Wandering about in several books related to Topology (as well as other
subjects in math, such as Set Theory, Probability Theory, Measure
Theory, etc.), I couldn't find a clue why such sets are called
"Cylinder Sets." What is the intuition behind? In addition, do we have
sets such as "Cone Sets," "Torus Sets," and so on?
From: William Elliot on 3 Aug 2010 03:58
On Mon, 2 Aug 2010, Sadeq wrote:

> Recently, while reading a paper, I encountered the term "Elementary
> Cylinder Set." (See http://en.wikipedia.org/wiki/Cylinder_set for more
> info.)

> Wandering about in several books related to Topology (as well as other
> subjects in math, such as Set Theory, Probability Theory, Measure
> Theory, etc.), I couldn't find a clue why such sets are called
> "Cylinder Sets." What is the intuition behind?
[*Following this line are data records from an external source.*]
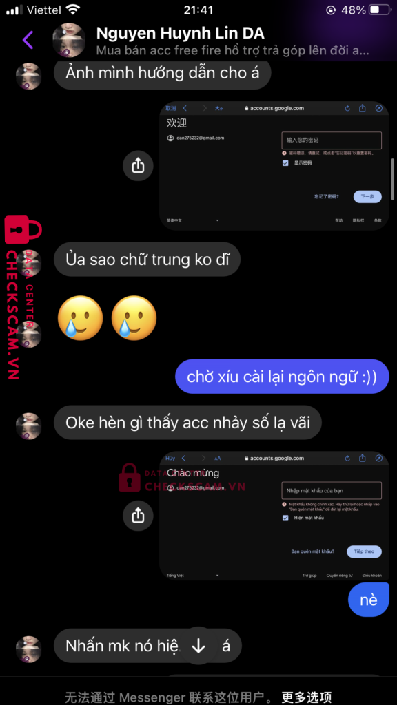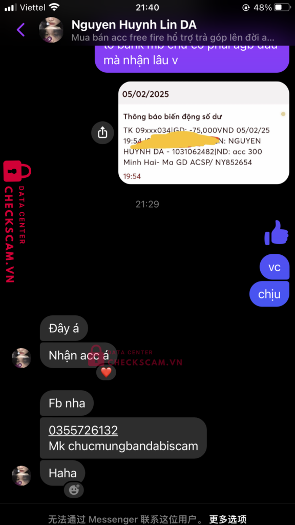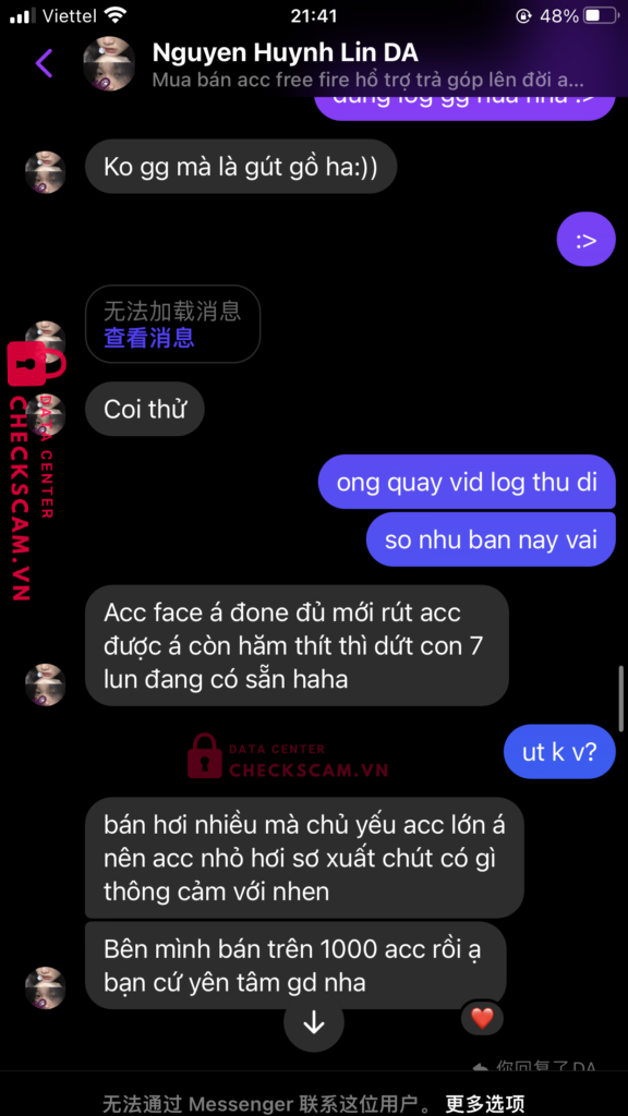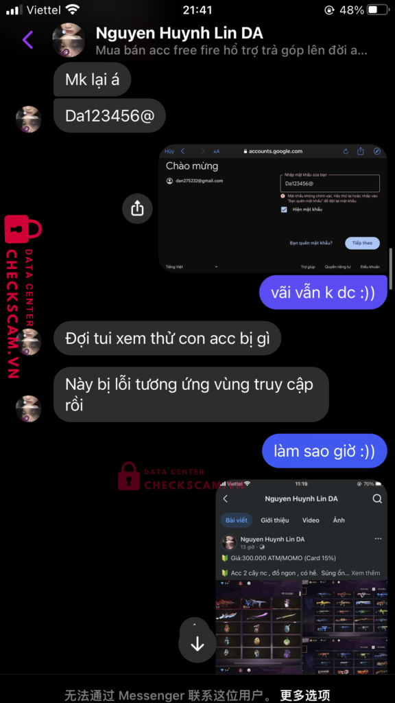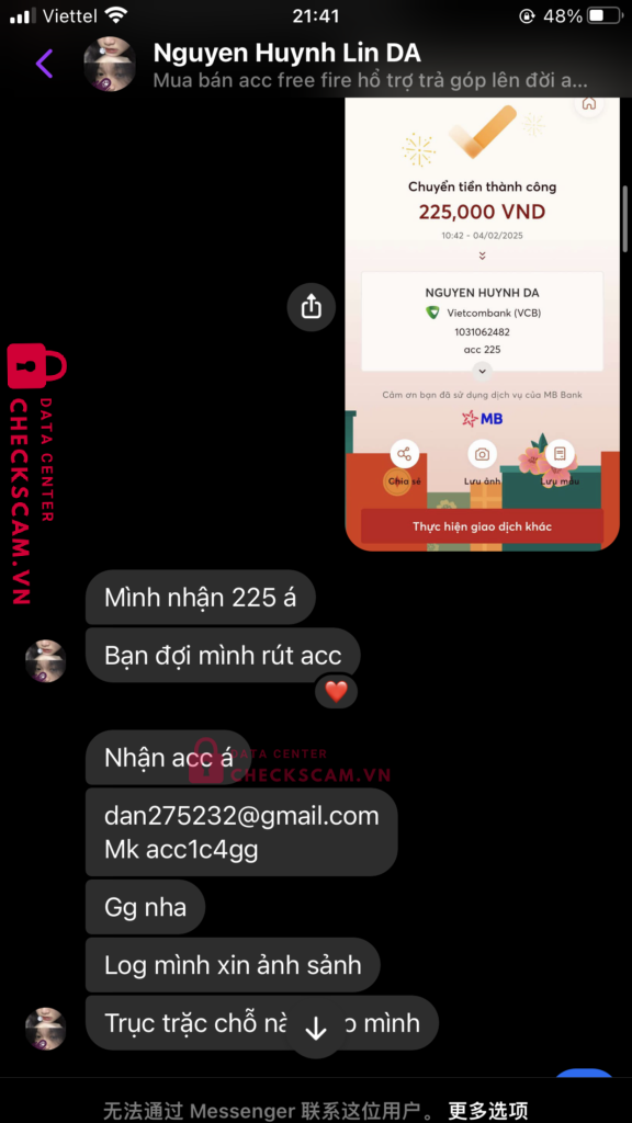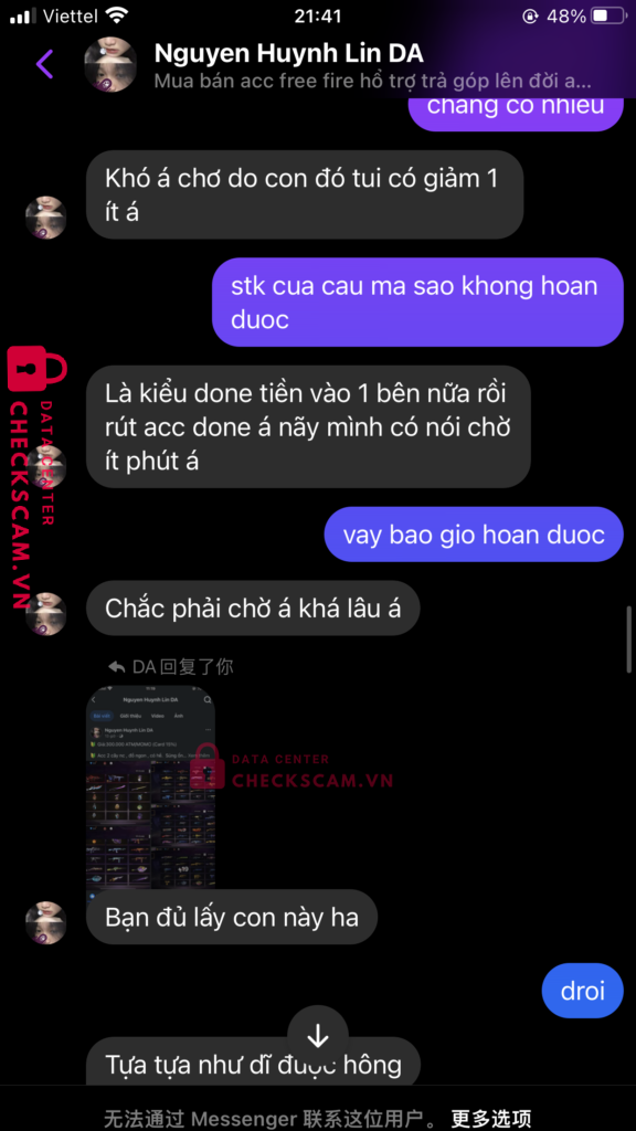 Scammer Alert: Nguyen Huynh Da Reported: March 7, 2025 Scammer Information Full Name: Nguyen Huynh Da Payment Gate: Vietcombank Payment Account: 1031062482 Category: Marketplace scams Source: Checkscam Evidence Files Report Description mua acc ff từ hôm trước xong cứ bảo lỗi này lỗi kia, kêu chuyển thêm tiền để lấy acc khác thì chặn luôn. Nhì nhằng từ hôm trước đến hôm sau Comments Your comment Add Comment No comments yet. Be the first to share your experience with this scammer.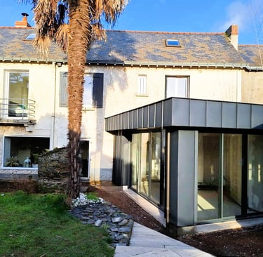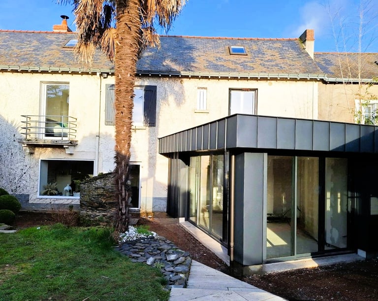 Réalisation d’une extension de maison au style contemporain, en harmonie avec le charme traditionnel de la maison existante. De grandes baies vitrées ont été installées pour apporter un maximum de lumière naturelle et créer une sensation d’espace et de fluidité. Le bardage en zinc joint debout apporte une touche moderne et élégante à l’ensemble.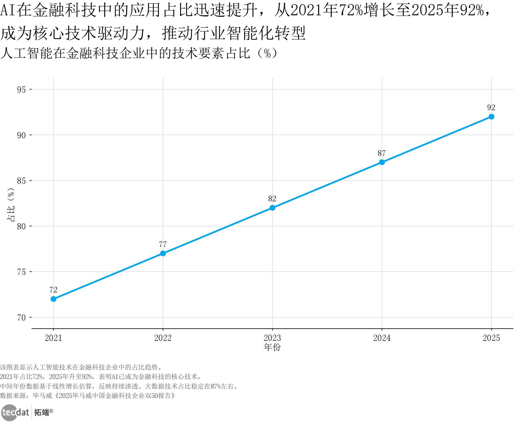 人工智能在金融科技中技术要素占比折线图表11数据及PDF模板已分享到会员群 3秒解读:AI技术要素占比从2021年72%升至2025年92%,连续两年位居技术要素首位,成为金融科技创新核心动力。 对应人群行动建议:金融科技企业可将AI技术投入占比提升至研发预算的50%以上;高校可加强金融AI复合型人才培养。

Within R^3, S = (0,1)x(0,1)xR is a solid square cylinder,
the geomertic interor of the square cylinder
.. . {0,1}x[0,1]xR \/ [0,1]x{0,1}xR.

S is homeomorphic to the solid cylinder
.. . { (x,y) | x^2 + y^2 < 1 } x R.

> In addition, do we have sets such as "Cone Sets,"
> "Torus Sets," and so on?
>
No. There is however, a topological generalization of the geometric cone.
From: Sadeq on 3 Aug 2010 07:13
On Aug 3, 11:58 am, William Elliot <ma...(a)rdrop.remove.com> wrote:
> On Mon, 2 Aug 2010, Sadeq wrote:
> > Recently, while reading a paper, I encountered the term "Elementary
> > Cylinder Set." (Seehttp://en.wikipedia.org/wiki/Cylinder_setfor more
> > info.)
> > Wandering about in several books related to Topology (as well as other
> > subjects in math, such as Set Theory, Probability Theory, Measure
> > Theory, etc.), I couldn't find a clue why such sets are called
> > "Cylinder Sets." What is the intuition behind?
>
> Within R^3, S = (0,1)x(0,1)xR is a solid square cylinder,
> the geomertic interor of the square cylinder
> . . {0,1}x[0,1]xR \/ [0,1]x{0,1}xR.
>
> S is homeomorphic to the solid cylinder
> . . { (x,y) | x^2 + y^2 < 1 } x R.
>
> > In addition, do we have sets such as "Cone Sets,"
> > "Torus Sets," and so on?
>
> No.  There is however, a topological generalization of the geometric cone.

Thanks a lot!
From: Dave L. Renfro on 3 Aug 2010 10:33
Sadeq wrote:

> Recently, while reading a paper, I encountered the term
> "Elementary Cylinder Set."
> (See http://en.wikipedia.org/wiki/Cylinder_set for more info.)
>
> Wandering about in several books related to Topology (as well
> as other subjects in math, such as Set Theory, Probability
> Theory, Measure Theory, etc.), I couldn't find a clue why
> such sets are called "Cylinder Sets." What is the intuition
> behind? In addition, do we have sets such as "Cone Sets,"
> "Torus Sets," and so on?

Looking at the definition, I see that an ordinary (infinite in
both directions) right circular cylinder is the inverse image
of a circle (1-sphere) under the second coordinate map of the
product space R x (R^2). You can get 3-dim rectangular plank
regions (2-by-4 planks like you use to build wooden houses with)
of infinite extent in the same way, except use planar rectangular
regions in the second factor space R^2 of R x (R^2). To get
rectangular planar strips parallel to a coordinate axes, use
the inverse images of bounded intervals under either coordinate
map in the product space R x R. I guess these all have a
"cylindrical feel" about them, in the sense that, with finite
dimensional Euclidean spaces as factors, you get regions that
have cross-sections all congruent in one or more directions.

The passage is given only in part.